- Data section:
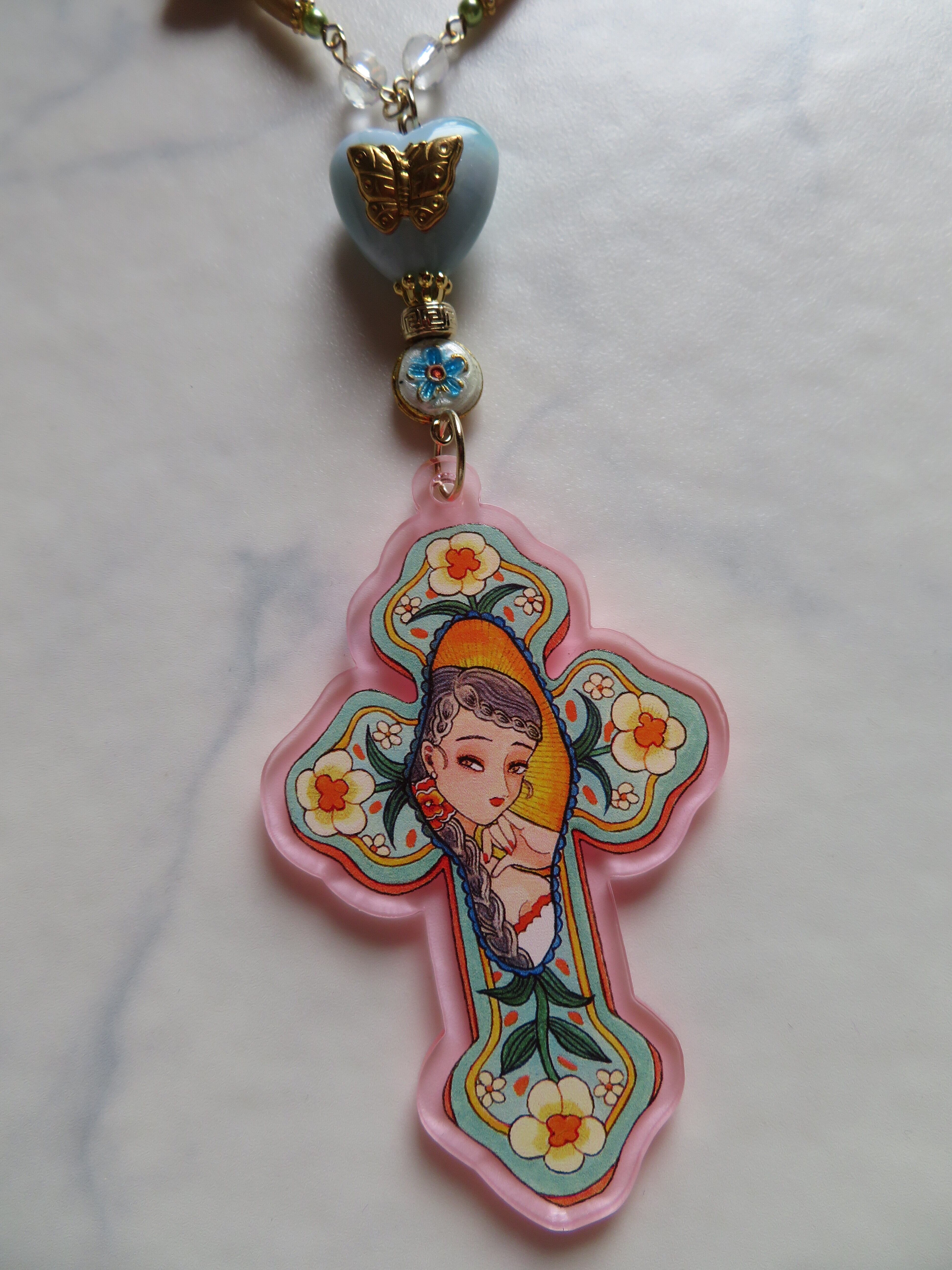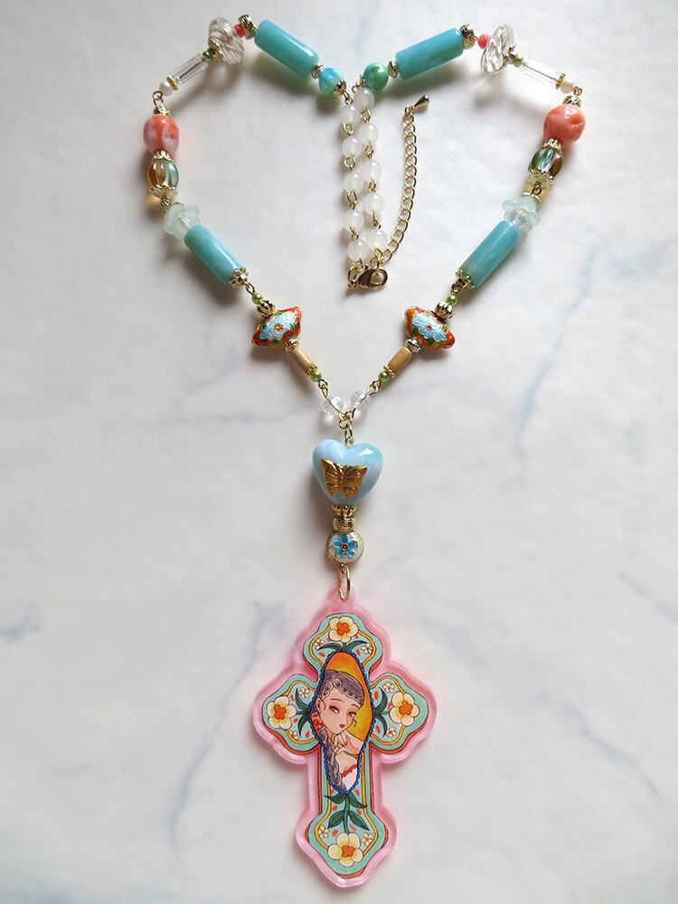 水色とコーラルをベースにしたシノワズリなデザインのロザリオ。
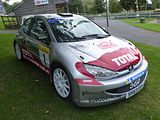 In 1999, Peugeot Sport unveiled the 206 WRC, and it competed for the first time in that year’s World Rally Championship, with French tarmac veteran and long-time marque stalwart Gilles Panizzi narrowly failing, against a resurgent reigning champion in Mitsubishi’s Tommi Mäkinen, to win the Rallye Sanremo. The car was soon a success, however, and won both the manufacturers’ and drivers’ championships in 2000, Peugeot’s first such accolades since their withdrawal from the WRC after Group B was banned after the 1986 season, and achieved in the hands of Panizzi, Francois Delecour and Mäkinen’s successor as drivers’ world champion, Marcus Grönholm. For 2001, Grönholm competed alongside two refugees of SEAT’s exit from the championship at the end of 2000; compatriot Harri Rovanperä and the French 1994 world champion, Didier Auriol. Rovanperä and Auriol each contributed single wins, on Swedish Rally and Rally Catalunya respectively (the former to be a sole career win for the Finn, and the latter victory helped by assorted problems for the blisteringly quick debuting Citroën Xsara WRCs), before Auriol left the team at the end of the season. Grönholm, meanwhile, suffered sufficient reliability woes in the first half of the year such that he could manage no higher than fourth overall in the series, although Peugeot did fend off Ford, with a 1–2 result by the two Finns on the season-ending Rally of Great Britain to successfully defend the constructors’ championship title. In 2002, Grönholm – despite now being paired in the factory line-up with defending 2001 champion from Subaru, the Briton Richard Burns – led Peugeot to a repeat of the WRC title double aboard his 206 WRC. His dominance that year was compared to Michael Schumacher’s dominance of Formula One. In summary, Peugeot won two drivers’ championships, in 2000 and 2002, and three manufacturers’ titles in a row between 2000 and 2002. However, by 2003 the 206 WRC was beginning to show its age and was less effective against the competition, notably the newer Xsara WRC and the Subaru Impreza WRC, so it was retired from competition at the end of the season, to be replaced with the 307 WRC, albeit, unlike its predecessor, based not on the production version’s hatchback, but its coupé cabriolet body style. The Peugeot 206 WRC was awarded the Autosport “Rally Car of the Year” in 2002, preceded by the Ford Focus RS WRC and followed by the Citroën Xsara WRC. In 2002, Peugeot GB created the Peugeot 206 Cup, a one-make rally championship aimed at young drivers. The championship was created to help young drivers develop their careers. The cars were built by Vic Lee Racing and drivers such as Tom Boardman, Luke Pinder and Garry Jennings all drove in the championship.A similar championship also existed in France. This is a road-registered car produced in tribute to the WRC cars.
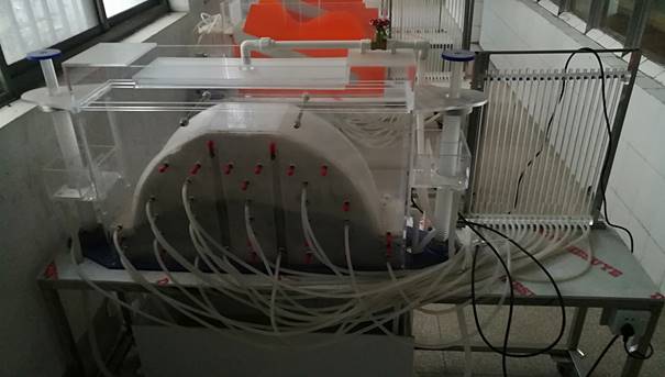 实验室结合水利工程学科的研究方向,建立了具有特色的冰水力学、工程流体力学和水工水力模型实验研究基地。实验室拥有800平方米的水工模型试验大厅,具备流量为960m3/h的循环水系统,拥有水工水力模型试验的流量控制系统、尾水位控制系统及浪高仪、声学多普勒流速仪(ADV)、自动跟踪水位仪、智能流速仪、压力传感器等高精度的量测仪器设备,以支撑学科特色建设。结合水土保持和水资源学科研究方向,拥有人工自动降雨系统、变坡钢槽式径流小区、水土流失监测等仪器设备,为相关教学科研工作服务。

- Task to complete:
Transcribe the lines above exactly, setting aside any picture among them.

- Result for this task:
 水色とコーラルをベースにしたシノワズリなデザインのロザリオ。
 In 1999, Peugeot Sport unveiled the 206 WRC, and it competed for the first time in that year’s World Rally Championship, with French tarmac veteran and long-time marque stalwart Gilles Panizzi narrowly failing, against a resurgent reigning champion in Mitsubishi’s Tommi Mäkinen, to win the Rallye Sanremo. The car was soon a success, however, and won both the manufacturers’ and drivers’ championships in 2000, Peugeot’s first such accolades since their withdrawal from the WRC after Group B was banned after the 1986 season, and achieved in the hands of Panizzi, Francois Delecour and Mäkinen’s successor as drivers’ world champion, Marcus Grönholm. For 2001, Grönholm competed alongside two refugees of SEAT’s exit from the championship at the end of 2000; compatriot Harri Rovanperä and the French 1994 world champion, Didier Auriol. Rovanperä and Auriol each contributed single wins, on Swedish Rally and Rally Catalunya respectively (the former to be a sole career win for the Finn, and the latter victory helped by assorted problems for the blisteringly quick debuting Citroën Xsara WRCs), before Auriol left the team at the end of the season. Grönholm, meanwhile, suffered sufficient reliability woes in the first half of the year such that he could manage no higher than fourth overall in the series, although Peugeot did fend off Ford, with a 1–2 result by the two Finns on the season-ending Rally of Great Britain to successfully defend the constructors’ championship title. In 2002, Grönholm – despite now being paired in the factory line-up with defending 2001 champion from Subaru, the Briton Richard Burns – led Peugeot to a repeat of the WRC title double aboard his 206 WRC. His dominance that year was compared to Michael Schumacher’s dominance of Formula One. In summary, Peugeot won two drivers’ championships, in 2000 and 2002, and three manufacturers’ titles in a row between 2000 and 2002. However, by 2003 the 206 WRC was beginning to show its age and was less effective against the competition, notably the newer Xsara WRC and the Subaru Impreza WRC, so it was retired from competition at the end of the season, to be replaced with the 307 WRC, albeit, unlike its predecessor, based not on the production version’s hatchback, but its coupé cabriolet body style. The Peugeot 206 WRC was awarded the Autosport “Rally Car of the Year” in 2002, preceded by the Ford Focus RS WRC and followed by the Citroën Xsara WRC. In 2002, Peugeot GB created the Peugeot 206 Cup, a one-make rally championship aimed at young drivers. The championship was created to help young drivers develop their careers. The cars were built by Vic Lee Racing and drivers such as Tom Boardman, Luke Pinder and Garry Jennings all drove in the championship.A similar championship also existed in France. This is a road-registered car produced in tribute to the WRC cars.
 实验室结合水利工程学科的研究方向,建立了具有特色的冰水力学、工程流体力学和水工水力模型实验研究基地。实验室拥有800平方米的水工模型试验大厅,具备流量为960m3/h的循环水系统,拥有水工水力模型试验的流量控制系统、尾水位控制系统及浪高仪、声学多普勒流速仪(ADV)、自动跟踪水位仪、智能流速仪、压力传感器等高精度的量测仪器设备,以支撑学科特色建设。结合水土保持和水资源学科研究方向,拥有人工自动降雨系统、变坡钢槽式径流小区、水土流失监测等仪器设备,为相关教学科研工作服务。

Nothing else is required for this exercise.